This little algorithim finds pairs of individuals from a dataframe (generated from the main file) and compares then according to a scoring system. The algorithim itself came about as my solution to the following question.
Assume a cohort of 1000 individuals with ages range from 20 to 40, M/F gender, and 8 chromosomes that may be of African/Asian/European ancestry (e.g., 25-M-Af-Eu-Af-As-Eu-Eu-As-As). Your goal is to develop a Matlab/R code that will optimize pairing of the most similar individuals. The scoring scheme is as follows: every category/chromosome where individuals match equals one point (age difference of 5<=years is considered a match). An identical individual pair worth 10 points and the maximum score you can get is 10,000. Leaving individuals unpaired has a penalty of 5 points per individual.Include a code to generate this dataset and some plot showing the scoring distribution of your code for multiple datasets.

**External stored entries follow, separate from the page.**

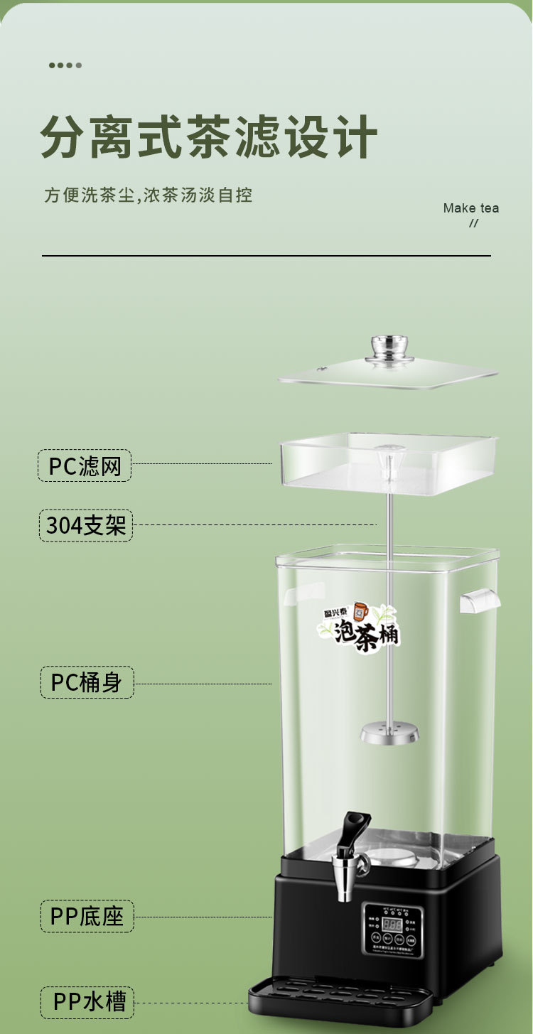 새로운 스타일의 차 만들기 대용량 상업용 전기 난방 끓는 버킷 버킷 지능형 자동 홍차 브루 투명 절연 버킷스토어 가기
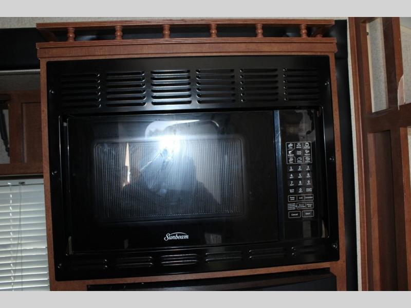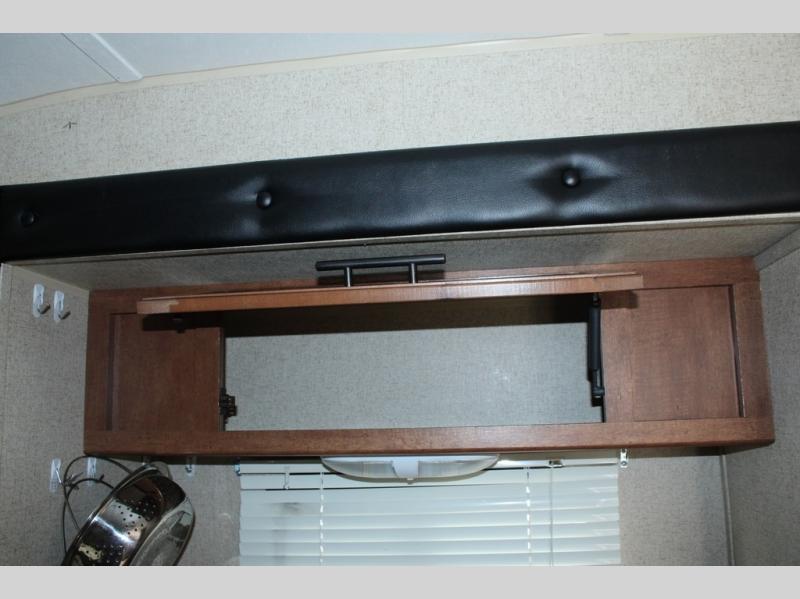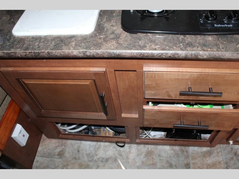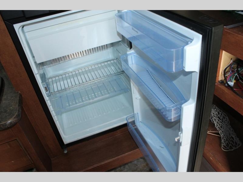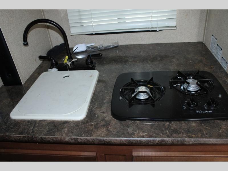 The slide has a single sink, two burner range, and refrigerator. Next to the slide is an entertainment center.
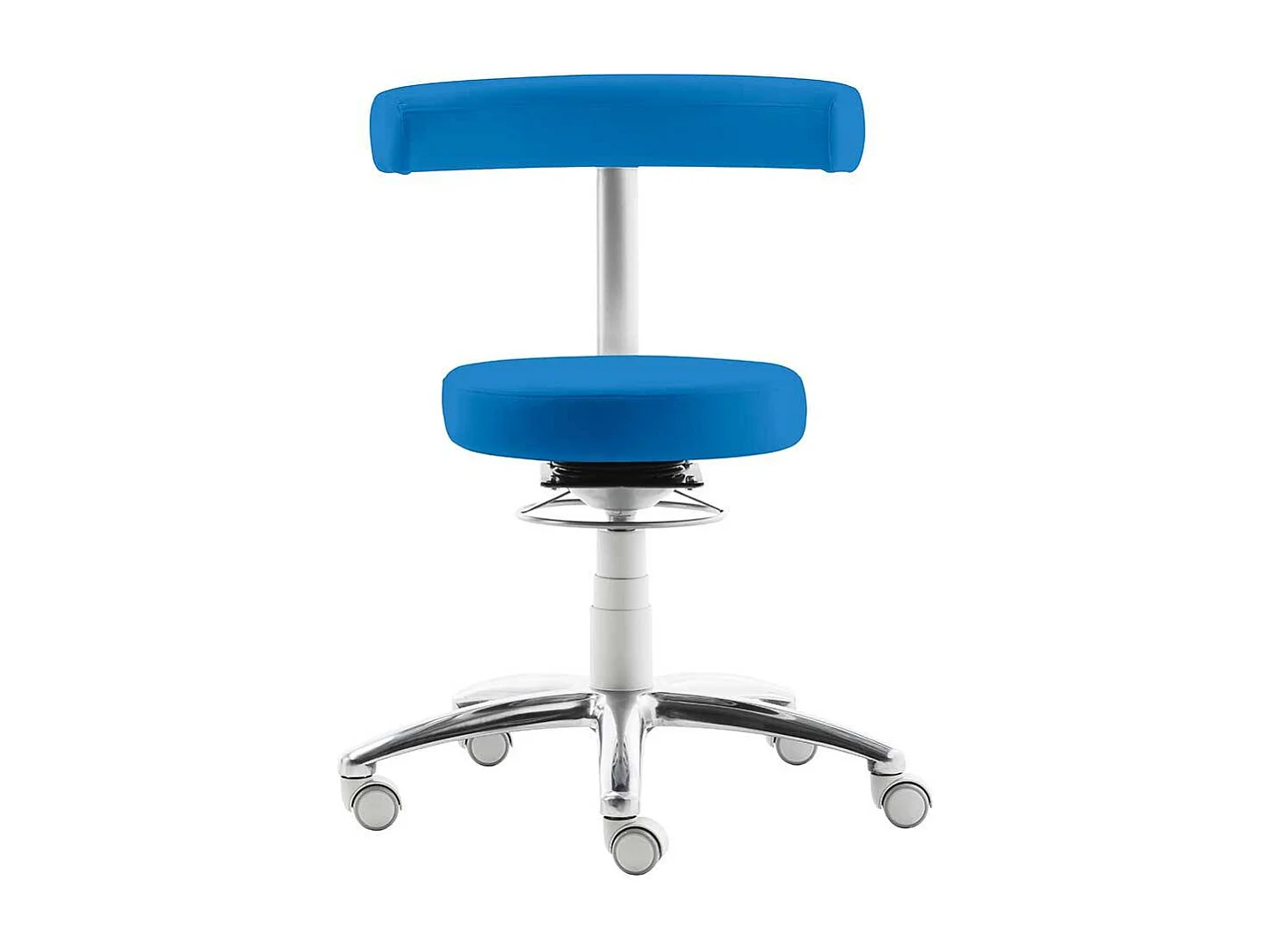 Moderner Arbeitshocker mit gepolsterter Rückenlehne drehbar
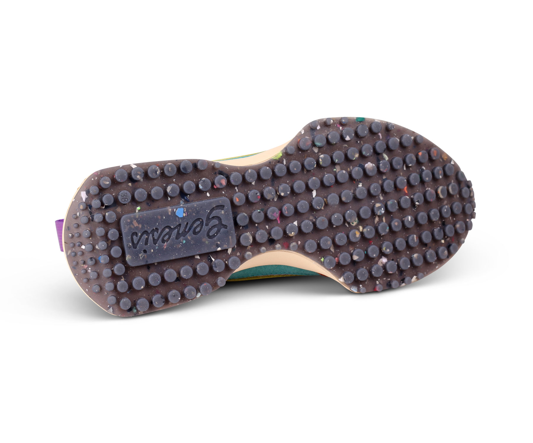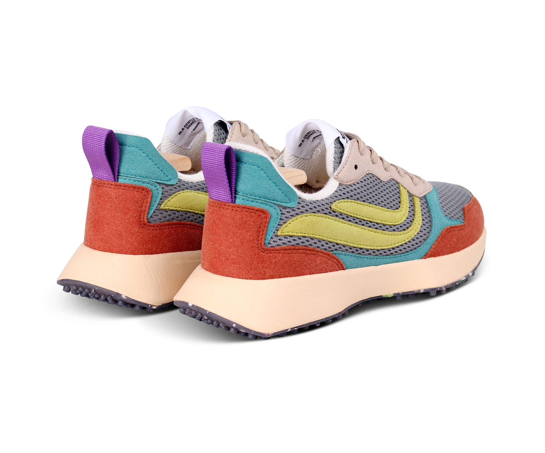 Für unseren G-Marathon Multi Mesh setzen wir auf eine Kombination aus BIOWAVE™ Cornwaste – einem veganen Leder aus Maisabfällen – und Sugar Cane Veloursleder, das aus recyceltem PET sowie Maisresten besteht. Die Cork’in™ Einlegesohlen aus recyceltem PU-Schaum und FSC-zertifiziertem Kork sorgen für angenehmen Tragekomfort bei jedem Schritt.
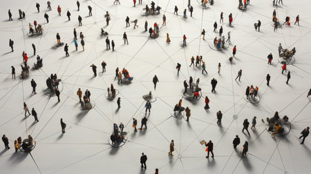 This graphic presents a network of connected person icons against a dark background. The monochrome palette accentuates the network lines and the individual human symbols. The composition, lit with soft lighting, may be suitable for illustrating connectivity and communication, appropriate for digital and business applications.

Steps carried out by R script for comparison algorithim
-
generates dataframe
-
creates distance matrix for all combinations of matched pairs according to age difference metric.
-
creates function to calculate score of matched rows.
-
make 1000 x 1000 matrix of where age difference are greater than 5
-
make 1000 x 1000 matrix of all normalised scores between pairs
-
Add the two 1000 x 1000 matrices together and remove all entries greater than 1
-
convert matrix of scores back to unnormalised form.
-
Use this matrix to collect all pairs corresponding to the 10, 7, 6, 5, 4, 3,2,1, -5 scores.
-
remove duplicates from 10's data frame remove duplicates from 7's dataframe remove individuals already in 10 from 7 and combine both data frames remove duplicates
-
repeat step 9 for 6's 5's, 4's 3' 2's 1's and -5's data frames.
The R script "main.R" takes about 10 minutes to run. It then generates a .xlsx file showing all the matched pairs and their corresponding score. The "run_results_summary.xlsx" file shows the number of matched pairs, total score, median and mean of 15 different runs of the "main.R" script.